Meurtre de Vanesa Campos au Bois de Boulogne : neuf hommes renvoyés aux assises

Vanesa Campos, une prostituée trans, avait été tuée par balle, en 2018, dans le bois de Boulogne. Les trois principaux suspects seront jugés pour « meurtre en bande organisée ».

Vanesa Campos avait été tuée, en 2018, au bois de Boulogne.
Vanesa Campos avait été tuée, en 2018, au bois de Boulogne. DR

Neuf hommes, dont trois sont accusés du meurtre en 2018 dans le bois de Boulogne de Vanesa Campos, une prostituée trans de 36 ans, sont renvoyés aux assises, a-t-on appris lundi de source judiciaire, confirmant une information du Monde.

Dans la nuit du 16 au 17 août 2018, route du Pré-Catelan, Vanesa Campos était retrouvée agonisante près de son abri de fortune. Quelques minutes avant, la prostituée avait alerté les autres prostituées autour d’elle en hurlant leur cri d’alerte. Celles-ci n’avaient rien pu faire et avaient entendu trois détonations.

Pour ce crime, qui avait mis en lumière les agressions récurrentes des prostituées en bordure de Paris, un juge d’instruction a ordonné que les trois principaux suspects soient jugés pour « meurtre en bande organisée ». Le magistrat n’a pas suivi les réquisitions du parquet qui retenait la préméditation et réclamait un procès pour « assassinats » contre ces trois hommes d’une vingtaine d’années : Mahmoud K., un Égyptien désigné comme l’auteur du tir mortel, ainsi qu’Ali A. et Karim I., accusés d’avoir porté des coups de couteau et de matraque.

« Une expédition punitive » des Egyptiens

Six autres hommes sont renvoyés pour « association de malfaiteurs en vue de la commission d’un crime ». Un dixième suspect, mineur lors des faits, est renvoyé pour vol devant un tribunal pour enfants, a précisé la source judiciaire. Tous sont issus d’un groupe de jeunes hommes, essentiellement d’origine égyptienne, qui rapinaient depuis de longues semaines les clients des prostituées pendant les passes.
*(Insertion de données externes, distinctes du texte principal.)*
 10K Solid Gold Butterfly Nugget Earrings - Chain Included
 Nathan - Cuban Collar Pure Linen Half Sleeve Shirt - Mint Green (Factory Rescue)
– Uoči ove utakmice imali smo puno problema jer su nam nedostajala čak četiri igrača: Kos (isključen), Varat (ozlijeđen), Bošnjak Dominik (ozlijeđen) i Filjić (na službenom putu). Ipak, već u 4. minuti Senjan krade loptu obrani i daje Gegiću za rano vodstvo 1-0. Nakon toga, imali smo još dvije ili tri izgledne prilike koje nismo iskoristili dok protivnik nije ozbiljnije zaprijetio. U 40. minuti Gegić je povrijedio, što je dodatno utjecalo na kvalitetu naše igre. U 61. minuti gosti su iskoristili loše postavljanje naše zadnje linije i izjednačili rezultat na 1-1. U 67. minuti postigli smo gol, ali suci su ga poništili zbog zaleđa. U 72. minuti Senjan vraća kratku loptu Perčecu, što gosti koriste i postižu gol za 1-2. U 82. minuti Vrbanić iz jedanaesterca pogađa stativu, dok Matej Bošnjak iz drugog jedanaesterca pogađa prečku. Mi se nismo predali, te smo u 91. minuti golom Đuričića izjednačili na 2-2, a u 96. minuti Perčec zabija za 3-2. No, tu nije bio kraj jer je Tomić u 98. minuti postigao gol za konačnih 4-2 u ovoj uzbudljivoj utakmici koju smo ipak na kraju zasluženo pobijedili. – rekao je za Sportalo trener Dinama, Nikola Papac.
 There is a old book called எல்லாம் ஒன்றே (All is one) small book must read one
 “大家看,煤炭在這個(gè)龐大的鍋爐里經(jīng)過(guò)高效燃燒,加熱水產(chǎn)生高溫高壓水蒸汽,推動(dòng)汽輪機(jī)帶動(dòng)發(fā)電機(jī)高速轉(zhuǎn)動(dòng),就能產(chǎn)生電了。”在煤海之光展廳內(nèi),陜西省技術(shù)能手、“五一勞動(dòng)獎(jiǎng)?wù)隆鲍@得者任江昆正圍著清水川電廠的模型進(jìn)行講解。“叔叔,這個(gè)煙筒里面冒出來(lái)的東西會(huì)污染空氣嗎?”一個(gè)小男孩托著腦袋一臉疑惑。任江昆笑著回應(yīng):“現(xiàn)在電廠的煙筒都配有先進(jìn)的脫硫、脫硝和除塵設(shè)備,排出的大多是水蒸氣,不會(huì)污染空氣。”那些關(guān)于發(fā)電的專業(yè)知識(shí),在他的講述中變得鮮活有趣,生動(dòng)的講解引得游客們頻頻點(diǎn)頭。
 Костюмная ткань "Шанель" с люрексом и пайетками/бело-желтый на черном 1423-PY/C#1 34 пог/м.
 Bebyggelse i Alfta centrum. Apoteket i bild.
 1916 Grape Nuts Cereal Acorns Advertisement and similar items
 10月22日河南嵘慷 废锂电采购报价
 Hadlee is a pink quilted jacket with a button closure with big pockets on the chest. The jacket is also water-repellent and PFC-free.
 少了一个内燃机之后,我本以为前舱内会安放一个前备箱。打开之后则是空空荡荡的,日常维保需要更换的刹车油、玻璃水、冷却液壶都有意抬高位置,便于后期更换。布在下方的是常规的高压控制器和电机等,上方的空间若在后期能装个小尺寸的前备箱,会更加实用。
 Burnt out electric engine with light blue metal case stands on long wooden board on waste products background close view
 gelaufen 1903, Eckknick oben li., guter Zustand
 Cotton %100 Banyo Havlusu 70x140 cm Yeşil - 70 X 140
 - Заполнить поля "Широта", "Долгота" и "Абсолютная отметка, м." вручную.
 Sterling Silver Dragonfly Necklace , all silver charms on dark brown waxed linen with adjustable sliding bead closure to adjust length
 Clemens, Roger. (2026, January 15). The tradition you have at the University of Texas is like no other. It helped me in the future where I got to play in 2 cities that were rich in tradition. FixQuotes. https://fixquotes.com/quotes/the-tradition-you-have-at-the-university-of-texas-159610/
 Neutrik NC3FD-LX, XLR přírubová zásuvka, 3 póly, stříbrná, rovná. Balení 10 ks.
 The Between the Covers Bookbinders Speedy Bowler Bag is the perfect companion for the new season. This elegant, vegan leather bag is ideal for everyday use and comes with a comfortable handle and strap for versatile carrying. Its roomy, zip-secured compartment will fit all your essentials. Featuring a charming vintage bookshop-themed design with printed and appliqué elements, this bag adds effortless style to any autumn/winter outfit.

Ils entretenaient un climat de « terreur », selon les réquisitions du parquet, qui avait amené les Sud-Américaines à riposter et à engager un homme, « Takaré », pour se protéger.

Le soir du meurtre les Égyptiens avaient organisé « une expédition punitive », selon l’accusation. Armés de bombes lacrymogènes, d’un couteau, de tasers, voire de branches arrachées aux arbres. Ils détenaient aussi un revolver subtilisé une semaine plus tôt dans la voiture d’un policier alors qu’il se trouvait avec une prostituée.

Le Syndicat du Travail sexuel et l’association de défense des personnes trans Acceptess-T avaient incriminé la loi d’avril 2016 qui pénalise les clients des prostituées, obligeant celles-ci à s’isoler à l’écart de la police et à s’exposer davantage aux agressions. De nombreuses manifestations, en hommage à Vanesa Campos, avaient été organisées à l’époque.